Optionally, the apparatus 32 further includes a sending unit (not shown in the figure), and the sending unit is configured to send the target audio stream. The sending unit may be configured to perform S305 in FIG. 3A.

In some possible embodiments, the apparatus 32 may be further configured to perform the method on the device 4 side described in the embodiment in FIG. 5A. In FIG. 5A, the receiving unit 320 may be configured to perform S501, S504, and S506, and the processing unit 321 may be configured to perform S502 and S508.

FIG. 6C is a diagram of a structure of an apparatus according to an embodiment of this application. An apparatus 33 includes a sending unit 330. The apparatus 33 may be implemented by hardware, software, or a combination of software and hardware.

The sending unit 330 is configured to: send at least one piece of indication information, where the at least one piece of indication information corresponds to at least one audio stream, and the at least one piece of indication information is used to determine an audio mixing weight of the at least one audio stream; and send the at least one audio stream.

The apparatus 33 may be configured to implement the method on the audio source device side described in the embodiment in FIG. 3A. In the embodiment in FIG. 3A, the sending unit 330 may be configured to perform S301 and S303.

FIG. 7A is a diagram of a structure of an apparatus according to an embodiment of this application. An apparatus 41 includes a generation unit 410 and a sending unit 411. The apparatus 41 may be implemented by hardware, software, or a combination of software and hardware.

The generation unit 410 is configured to generate audio mixing configuration information, where the audio mixing configuration information includes an audio mixing weight of a plurality of audio streams from a plurality of audio source devices. The sending unit 411 is configured to send the audio mixing configuration information to a second device (a device that has an audio sink capability), where the audio mixing configuration information is used to perform audio mixing processing on the plurality of audio streams.

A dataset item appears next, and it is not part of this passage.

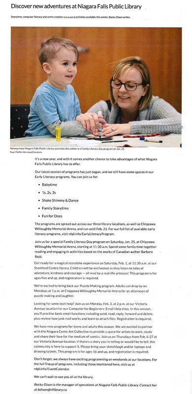 - Discover new adventures at Niagara Falls Public Library : Storytime, computer literacy and comic creation are among activities this winter

The apparatus 41 may be configured to implement the method on the device 3 side described in the embodiment in FIG. 4. In the embodiment in FIG. 4, the generation unit 410 may be configured to perform S401 and S402, and the sending unit 411 may be configured to perform S403.

FIG. 7B is a diagram of a structure of an apparatus according to an embodiment of this application. An apparatus 42 includes a receiving unit 420 and a processing unit 421. The apparatus 42 may be implemented by hardware, software, or a combination of software and hardware.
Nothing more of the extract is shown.